William Hill expects full-year adjusted operating profit1 for 2017 to be £290m, around 11% up on 2016.
To put into context, 2016 was a very challenging year for the company. It issued several profit warnings after a series of “customer-friendly” football and horseracing results at the tail end of that year hit profits hard.
According to the national bookmaker, the improved forecast for 2017 reflects good momentum in both the UK and US markets, stronger gross win margin and the benefits of the transformation programme.
Retail and online gross win margins are ahead of expectations and significantly ahead of the same period in 2016, due to favourable football and horseracing results.
As a result, wagering growth rates slowed but overall net revenue was strong.

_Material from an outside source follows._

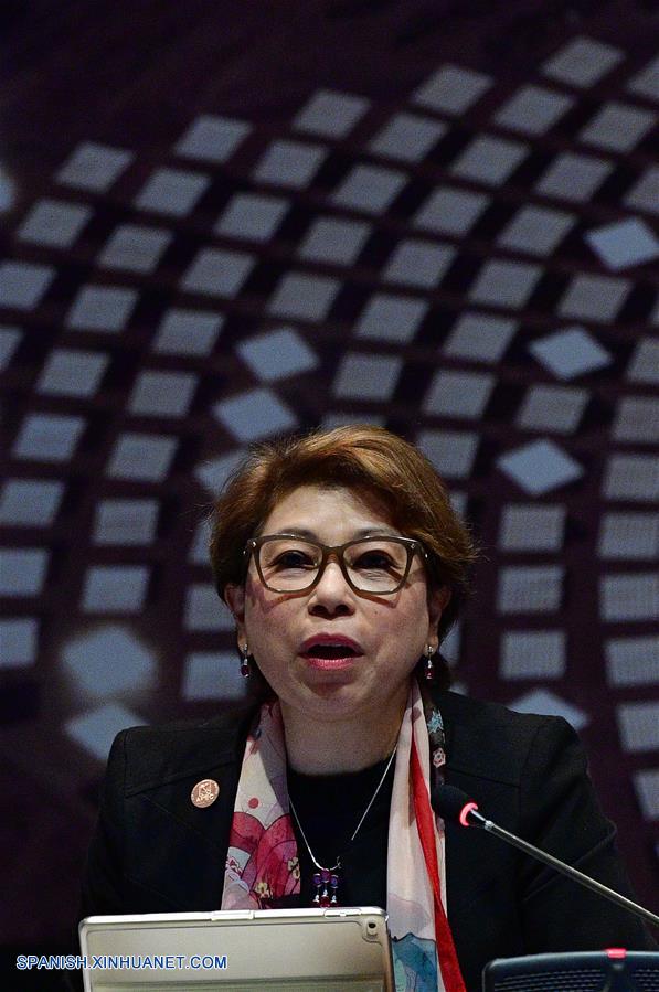 SANTIAGO, 4 marzo, 2019 (Xinhua) -- La directora ejecutiva del Foro de Cooperación Económica Asia-Pacífico (APEC), Rebecca Fátima Santa María, pronuncia un discurso durante la inauguración de la reunión del APEC Vision Group (AVG), en Santiago, capital de Chile, el 4 de marzo de 2019. El Foro de Cooperación Económica Asia-Pacífico (APEC) está listo para conectar las lecciones del pasado con la visión del futuro, afirmó el lunes el canciller chileno, Roberto Ampuero. (Xinhua/Jorge Villegas)
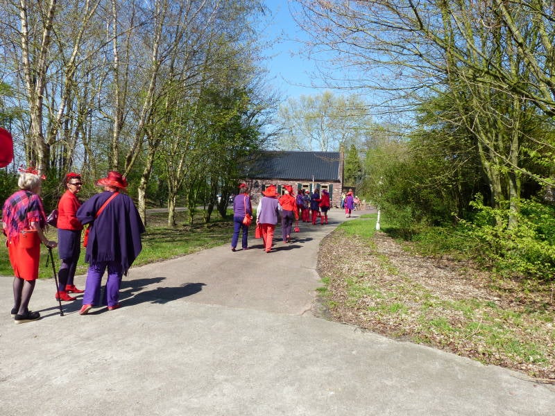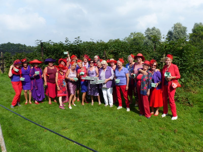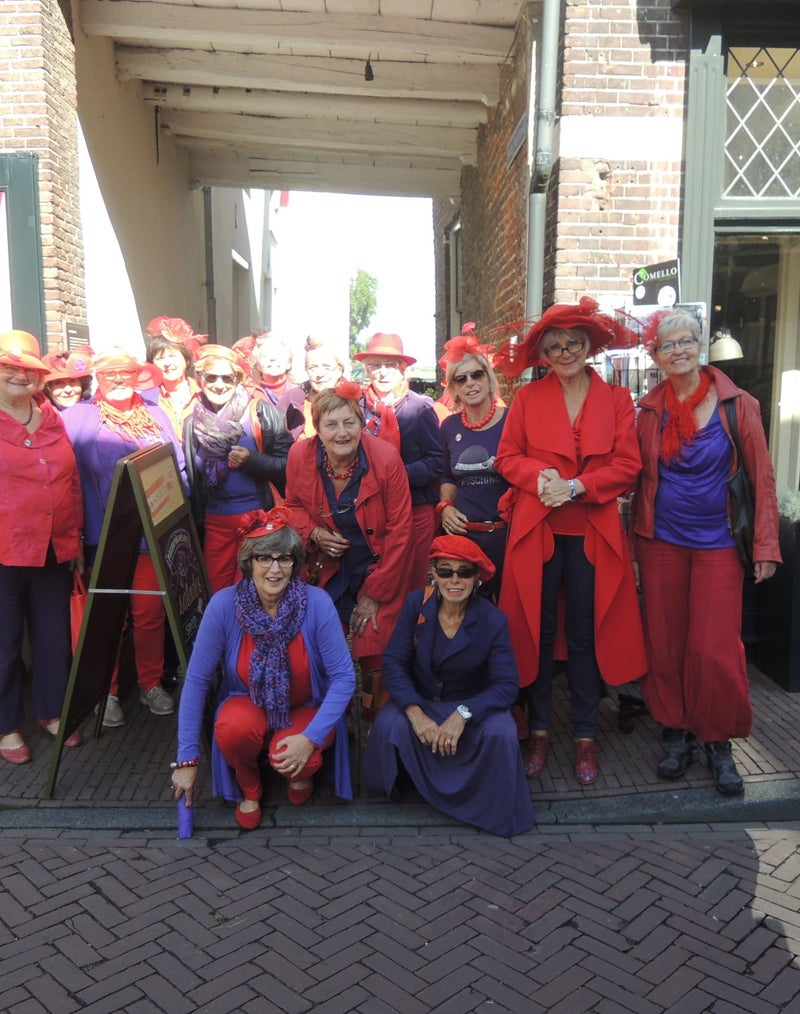 Het was een mooie nazomer-dag, zodat de rood-paarse outfit van de 14 dames goed tot zijn recht kwam in de Hoofdstraat van Beetsterzwaag.

Gaming growth rates continued to accelerate in online but slowed in retail.
Internationally, the US continued to grow at double-digit rates while Australia was affected by reduced credit betting volumes.
Australian business review
Given the credit betting ban in Australia and the likely introduction of a Point of Consumption tax in a number of states, it is clear that profitability will increasingly come under pressure and therefore the company is undertaking a strategic review of its Australia business.
Commenting on the latest trading figures, CEO Philip Bowcock, CEO, said: "We have delivered a strong result in 2017, reflecting our focus on rejuvenating oline, growing the US and building an attractive omni-channel proposition. At the same time, we are continuously improving how we enable customers to gamble responsibly.”
He added:” We are excited about the opportunities ahead in 2018 - a World Cup year - with our competitive position reasserted in the UK and with the potential for sports betting to open up in the US."
Broker forecasts on William Hill have softened slightly of late with consensus moving from sell in Q4 2017 to neutral weighting now.
The company’s share price went up 0.3% in early morning trading to 335.6.